The 984 concept was very similar to the aforementioned Porsche-SEAT (PS) project, and were very similar in terms of what they were intended to be. Both were to be a lightweight, fun to drive, and affordable vehicle, and the rear-engine configuration, among other features, seemed to reflect these aspirations. During development, large portions of the manufactured prototypes contained parts throughout both the interior and exterior that were pulled from other Porsche models of the era. (Including the Porsche 944 and 924, as well as the Porsche 911)

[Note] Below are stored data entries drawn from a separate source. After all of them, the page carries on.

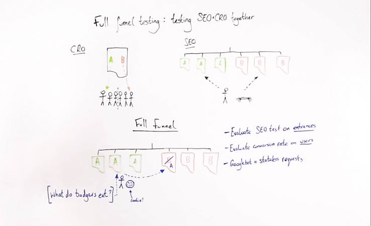 So funnel testing is testing all the way through the funnel, from acquisition at the SEO end to conversion. So it’s SEO testing plus CRO testing together. I’m going to write a little bit more about some of the motivation for this. But, in a nutshell, it essentially boils down to the fact that it is perfectly possible, in fact we’ve seen in the wild cases of tests that win in SEO terms and lose in CRO terms or vice versa.
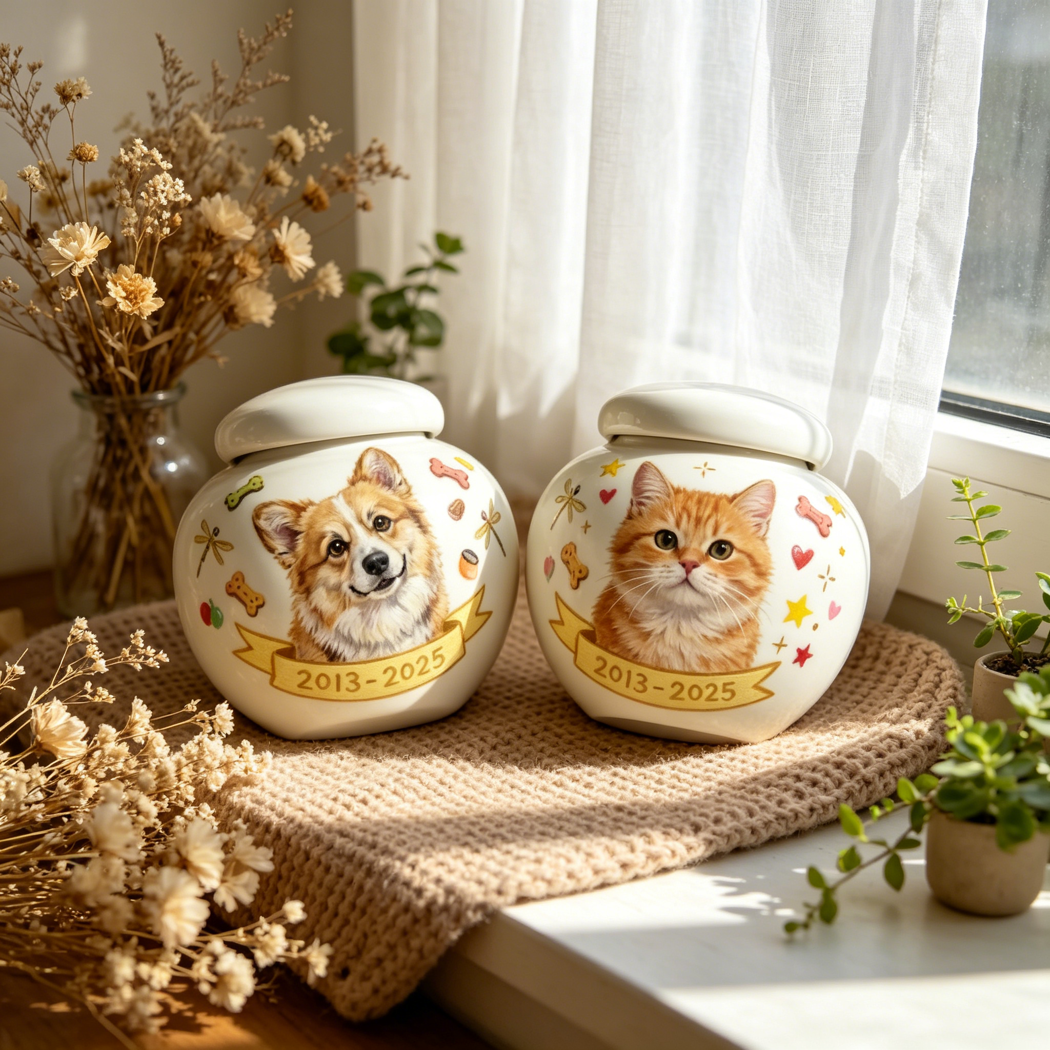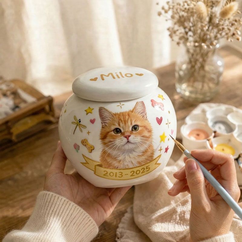Handcrafted Custom Pet Urn — Hand-Painted Personalized Memorial Keepsake — Suitable for Cats and Small Dogs
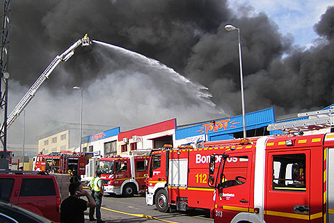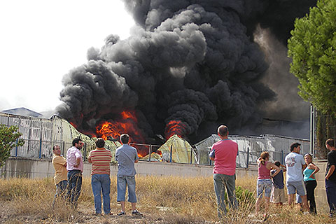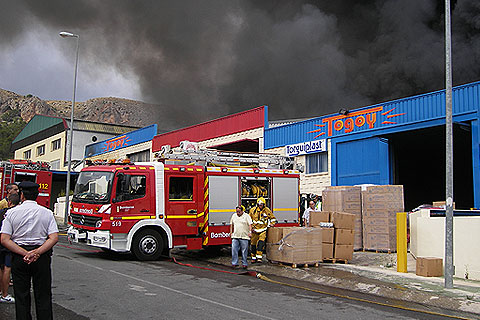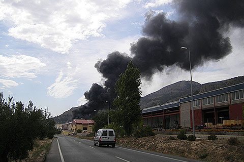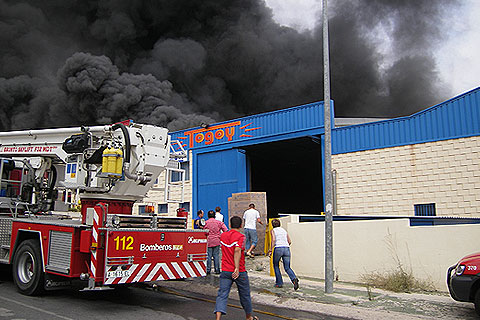 Escaparate/Onil. Durante más de tres horas, una nube de humo negro se elevaba por Onil, testigo del grave incendio que estaba afectando a cinco naves del polígono industrial Los Vasallos, en concreto a dos empresas. Sobre las dos y media de la tarde del miércoles, tres trabajadores de la empresa Togoy daban la voz de alarma al comprobar que en la parte trasera del almacén se había producido un incendio. Sobre las tres llegaron las primeras dotaciones de bomberos procedentes del subparque de Ibi. Teniendo en cuenta el peligro que suponía que el incendio se extinguiera a las naves colindantes de la parte superior, los bomberos comenzaron a proteger el pasillo de acceso a las otras fábricas para evitar que las llamas llegaran hasta allí. Los trabajadores de las cinco empresas procedieron a vaciar las naves para que en caso de que el incendio se propagara, éstas no tuvieran material que aumentara el fuego. Algo que finalmente no ocurrió.
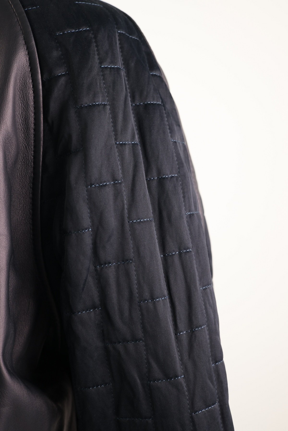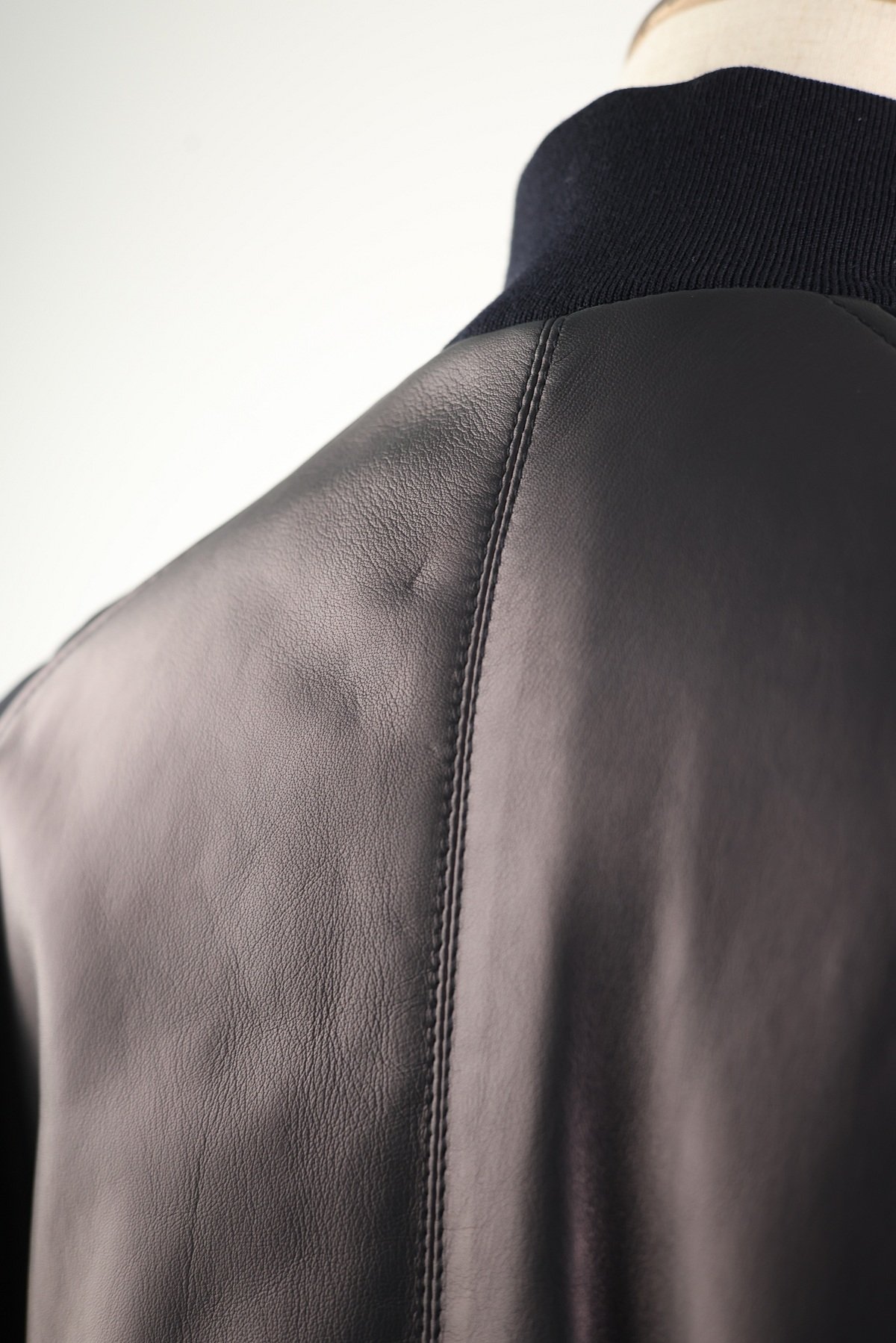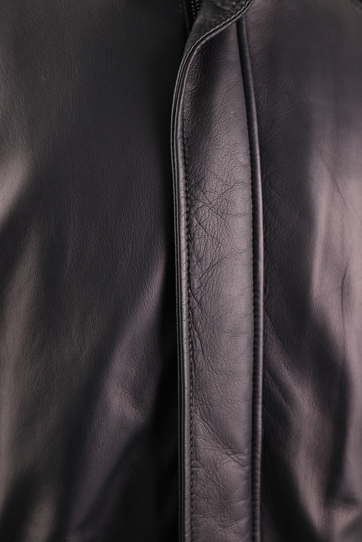 A luxurious bomber jacket crafted from supple lamb Nappa leather, showcasing Giorgio Armani’s signature blend of elegance, comfort, and modern edge.
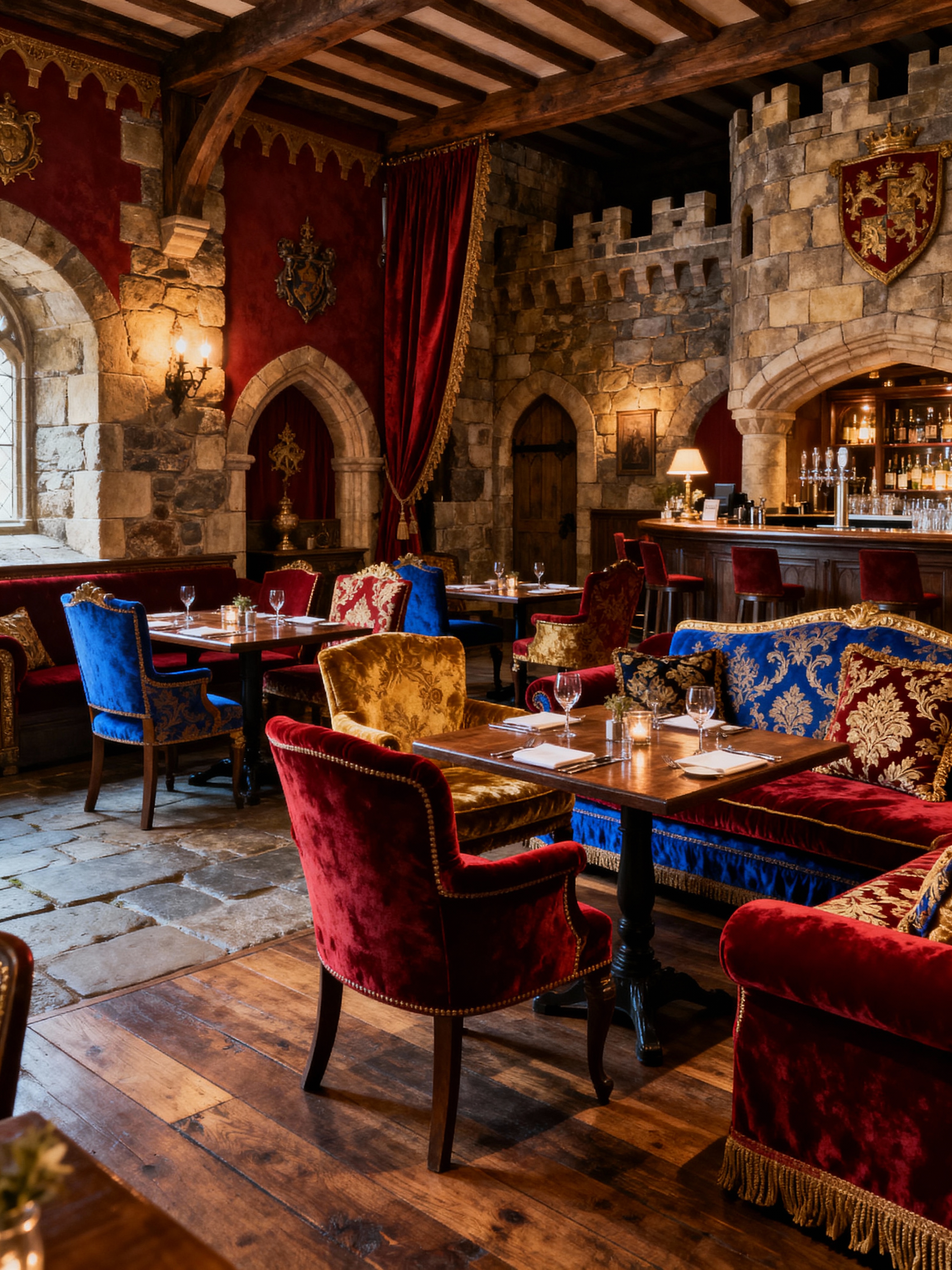 restaurant with medieval style with restaurant decor and restaurant chairs and restaurant bar and restaurant dining tables and restaurant decor. . with castle interior and stone or wooden floor and velvet, chenille, damask, and brocade draperies and fabrics and timber walls and stone walls and heavy furniture pieces and deep colors like red, gold, or blue and upholstery on chairs and sofas
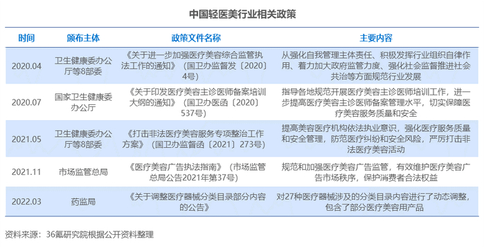 处于快速发展阶段的轻医美行业,存在部分机构资质不明、宣传效果虚假、价格不透明等问题,损害消费者与业内正规机构的利益,阻碍行业长期发展。在此背景下,我国从深度和广度两方面出台相关法律法规,加强行业监督管理。在深度方面,2021年,市场监管总局出台《医疗美容广告执法指南》,深入管理行业虚假、夸大宣传等问题,监管更为精准;在广度方面,国家陆续出台多部法律,覆盖上游产品的器械资质、产品宣传,中游医美机构的经营资质,下游产品服务推广等方面,已完成对产业链的全面监管。政策的出台和落地规范了我国轻医美行业参与者行为,减少行业乱象,为行业指明了健康的发展方向。
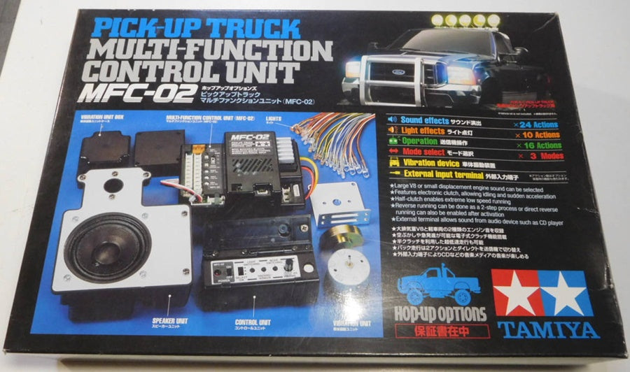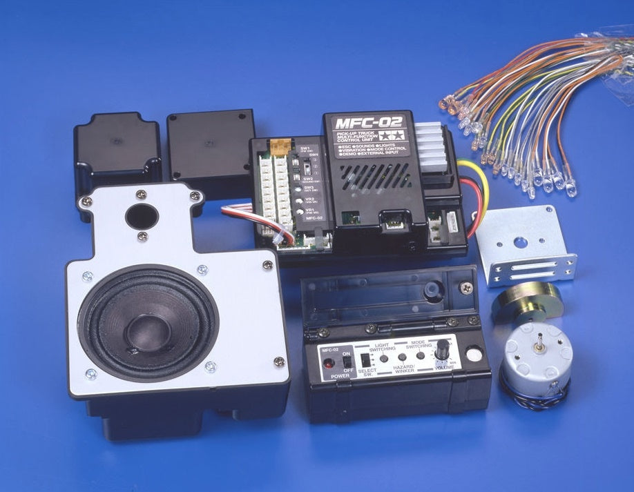 Fit this MFC-02 unit to your 1/10 R/C pick-up truck model for supremely authentic lights, sounds, and even vibrations, all of which are coordinated with model actions. A multitude of engine sounds are recreated, from ignition and idling noises, to shift changes and even alterations to pitch as throttle increases. Two flavors are provided to choose between - a big V8 and a smaller turbocharged engine. Vibration levels also change in unison with the increases in imagined RPM. An electronic clutch is installed, which can be manipulated using transmitter control sticks.
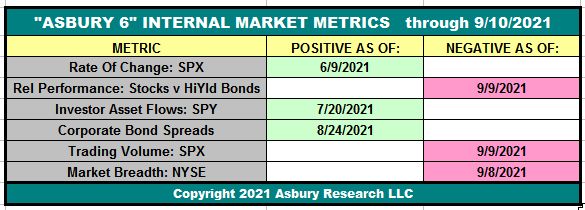 The table below shows that, through Friday September 10th, three of the Asbury 6 constituent metrics are positive (green). The “A6” model itself has been on a Positive status since July 20th. The S&P 500 has risen by as much as 5.2% since then.

Much unlike the 924, the designers at Porsche ostensibly planned for the car to incorporate an optional all-wheel drive system, as well as a hard-top.
These features, especially all-wheel drive and its rear engine layout, would help to separate it from other roadsters of the era, such as the Mazda MX-5. (which would be put into production by Mazda just two years after the development of the 984 was cancelled) Porsche would, despite the end of the 984 project, later go on to produce the Boxster during the 1990s, which was designed to serve a very similar purpose to the 984 concept.

== Engine ==

The only engine used in the 984 concept was the 2.0 L Volkswagen Type 4 engine found in the Porsche 914, which was, in stark contrast to the 1.5 L "System Porsche" engine found in the SEAT Ibiza, an aircooled unit. Despite this flat-four being used in the prototype models, an all new flat-four engine was supposedly also in development for use in aircraft, as well as a final, production model of the 984. It made 99 kW (135 bhp; 135 PS), and according to track tests that were done by Porsche during development, the vehicle itself had a top speed of approximately 220 km/h (137 mph). The engine within allowed the 984 a 0-60 time of roughly 8 seconds. The planned cabriolet and all-wheel drive models may have impacted those results, had they ever been developed.